TASK TO COMPLETE: Leaving out all pictures, repeat exactly the lines from the one that holds "Sovrum med stort" to the last line of the entries below.

DATA RECORDS:
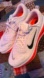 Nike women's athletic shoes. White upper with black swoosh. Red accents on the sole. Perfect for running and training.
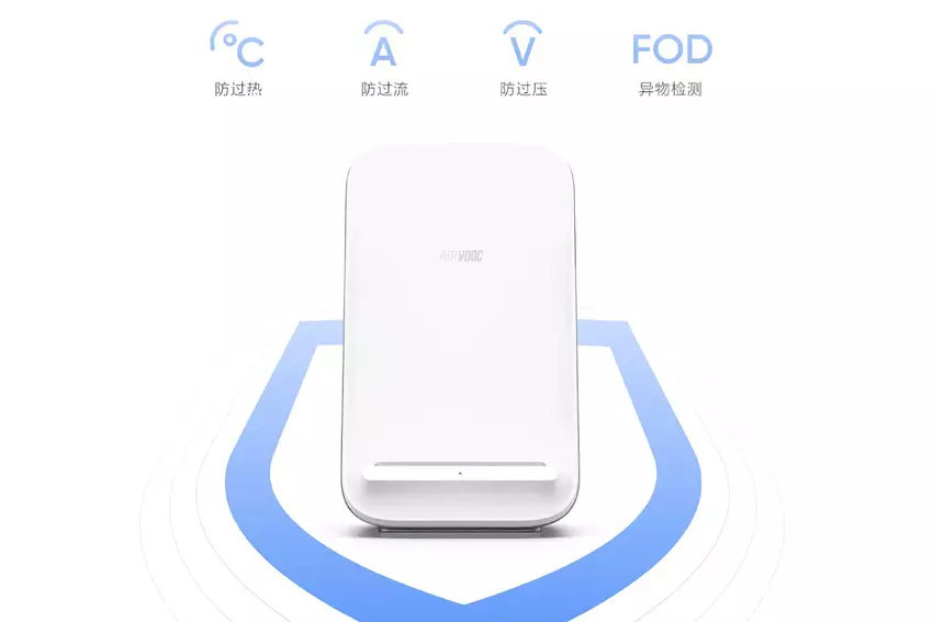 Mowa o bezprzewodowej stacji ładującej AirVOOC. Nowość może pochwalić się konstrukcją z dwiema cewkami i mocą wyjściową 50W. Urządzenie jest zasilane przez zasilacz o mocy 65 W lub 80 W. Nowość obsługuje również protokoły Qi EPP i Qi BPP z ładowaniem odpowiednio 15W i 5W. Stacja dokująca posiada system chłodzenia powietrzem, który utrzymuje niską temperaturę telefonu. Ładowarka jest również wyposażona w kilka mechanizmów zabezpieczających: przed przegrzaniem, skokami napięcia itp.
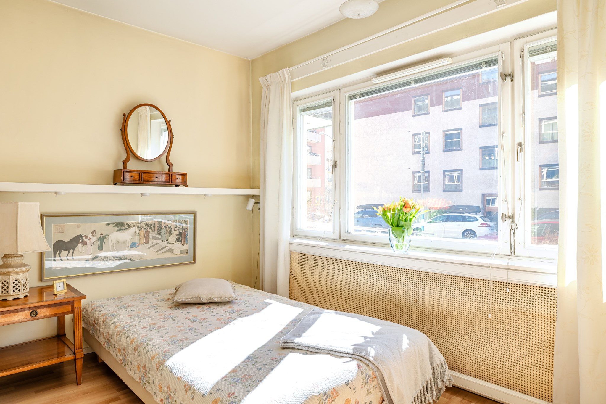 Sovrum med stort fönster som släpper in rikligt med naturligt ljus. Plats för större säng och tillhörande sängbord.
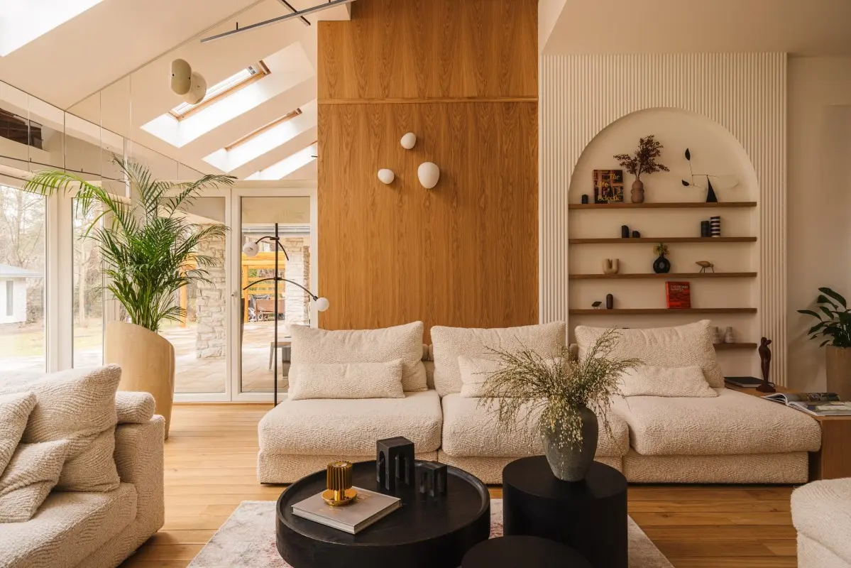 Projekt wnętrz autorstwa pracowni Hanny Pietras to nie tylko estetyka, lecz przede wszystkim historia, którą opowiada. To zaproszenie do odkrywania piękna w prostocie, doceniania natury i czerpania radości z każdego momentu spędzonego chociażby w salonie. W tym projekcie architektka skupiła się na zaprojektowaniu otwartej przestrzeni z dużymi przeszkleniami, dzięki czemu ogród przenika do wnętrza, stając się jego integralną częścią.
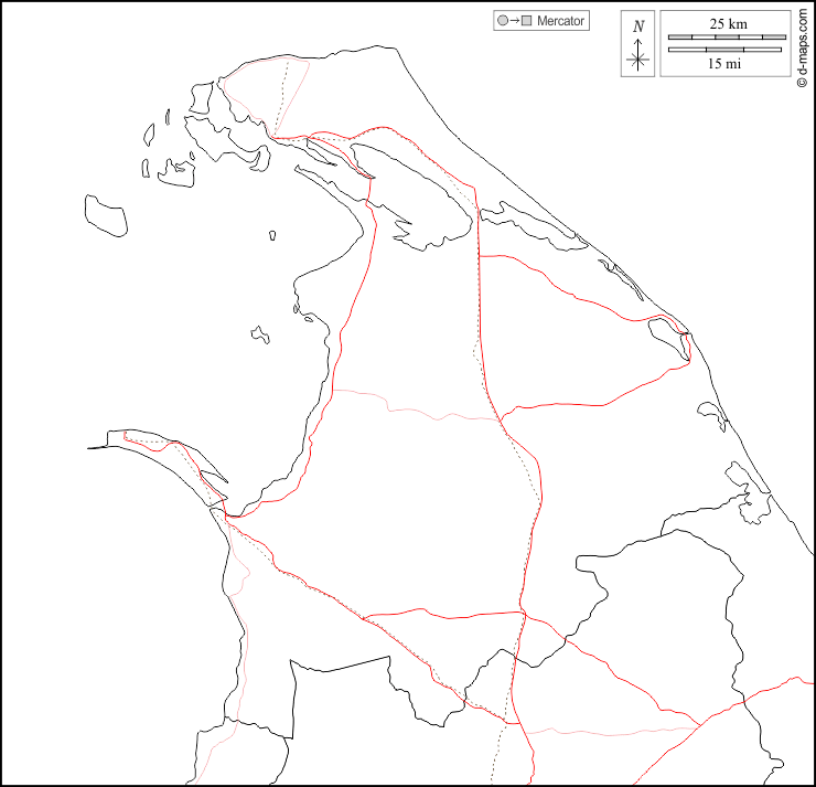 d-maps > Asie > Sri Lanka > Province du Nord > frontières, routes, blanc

RESPONSE AREA:
 Sovrum med stort fönster som släpper in rikligt med naturligt ljus. Plats för större säng och tillhörande sängbord.
 Projekt wnętrz autorstwa pracowni Hanny Pietras to nie tylko estetyka, lecz przede wszystkim historia, którą opowiada. To zaproszenie do odkrywania piękna w prostocie, doceniania natury i czerpania radości z każdego momentu spędzonego chociażby w salonie. W tym projekcie architektka skupiła się na zaprojektowaniu otwartej przestrzeni z dużymi przeszkleniami, dzięki czemu ogród przenika do wnętrza, stając się jego integralną częścią.
 d-maps > Asie > Sri Lanka > Province du Nord > frontières, routes, blanc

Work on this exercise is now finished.